Exactly the lines from the beginning of the records below through the line with "第六天咱们去的是玻璃桥大峡谷" must be given again, without pictures.

Data for review Start Marker

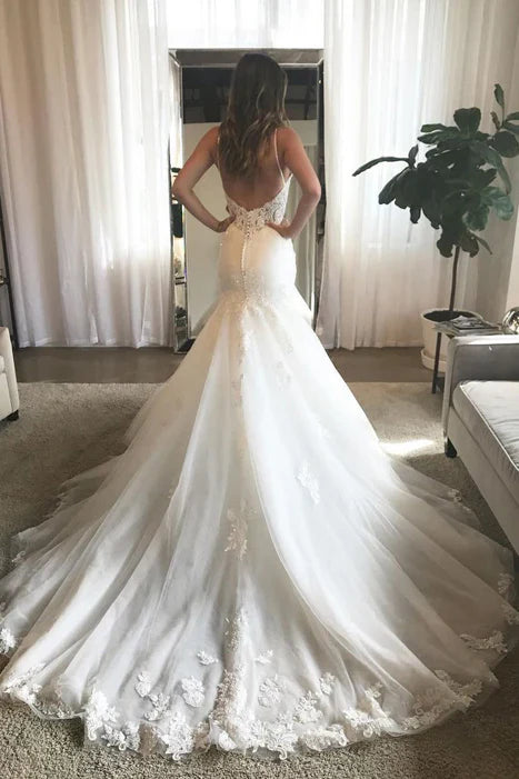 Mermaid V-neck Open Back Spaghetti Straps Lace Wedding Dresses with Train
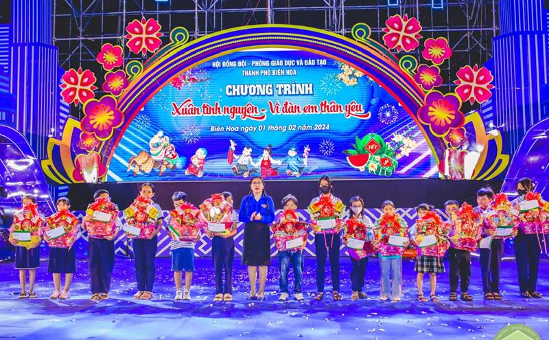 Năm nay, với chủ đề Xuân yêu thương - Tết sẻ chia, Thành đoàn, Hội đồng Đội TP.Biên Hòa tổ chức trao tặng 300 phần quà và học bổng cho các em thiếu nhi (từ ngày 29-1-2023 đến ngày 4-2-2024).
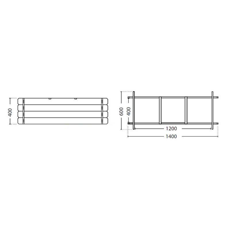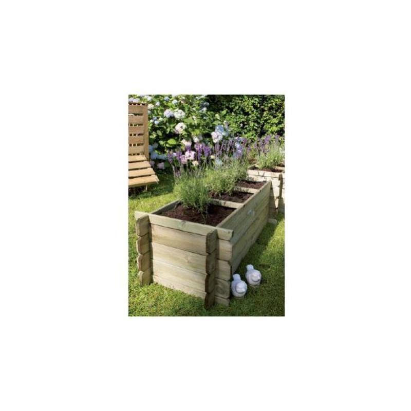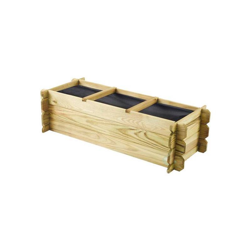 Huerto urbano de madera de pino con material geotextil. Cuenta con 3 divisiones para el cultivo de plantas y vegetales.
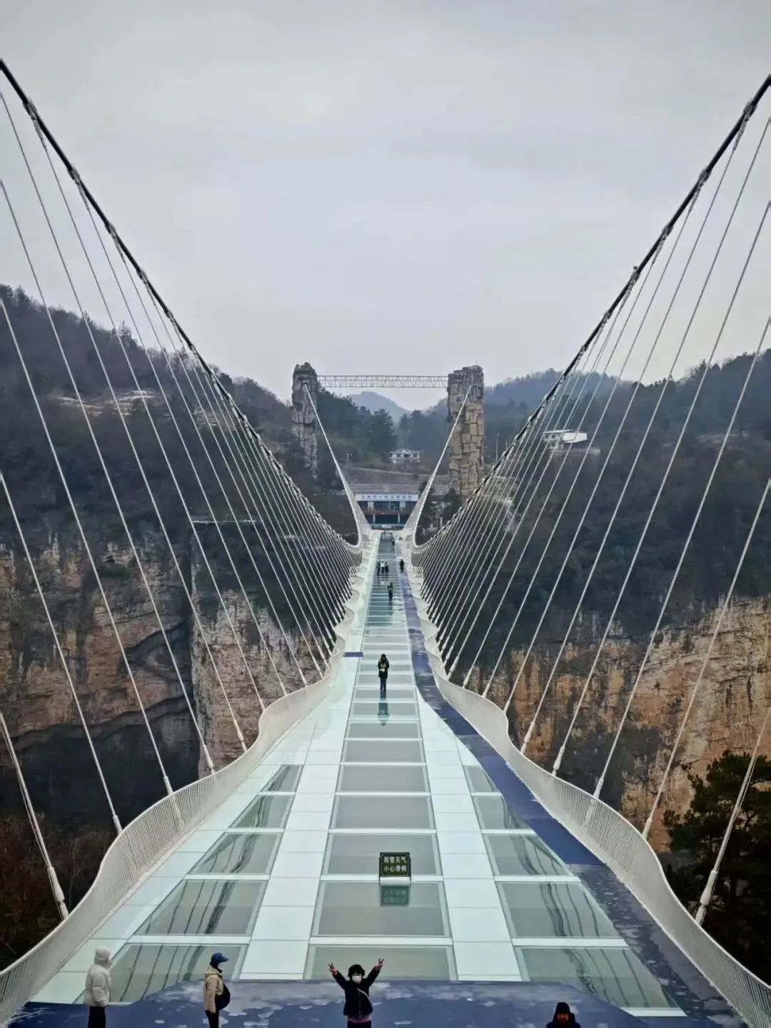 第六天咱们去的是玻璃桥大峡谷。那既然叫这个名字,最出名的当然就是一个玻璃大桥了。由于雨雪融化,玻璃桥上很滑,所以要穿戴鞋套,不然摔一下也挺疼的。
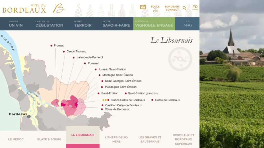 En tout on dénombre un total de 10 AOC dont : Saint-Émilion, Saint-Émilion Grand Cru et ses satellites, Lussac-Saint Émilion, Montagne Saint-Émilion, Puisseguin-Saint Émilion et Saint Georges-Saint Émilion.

Data for review End Marker

- [Task response]
 Mermaid V-neck Open Back Spaghetti Straps Lace Wedding Dresses with Train
 Năm nay, với chủ đề Xuân yêu thương - Tết sẻ chia, Thành đoàn, Hội đồng Đội TP.Biên Hòa tổ chức trao tặng 300 phần quà và học bổng cho các em thiếu nhi (từ ngày 29-1-2023 đến ngày 4-2-2024).
 Huerto urbano de madera de pino con material geotextil. Cuenta con 3 divisiones para el cultivo de plantas y vegetales.
 第六天咱们去的是玻璃桥大峡谷。那既然叫这个名字,最出名的当然就是一个玻璃大桥了。由于雨雪融化,玻璃桥上很滑,所以要穿戴鞋套,不然摔一下也挺疼的。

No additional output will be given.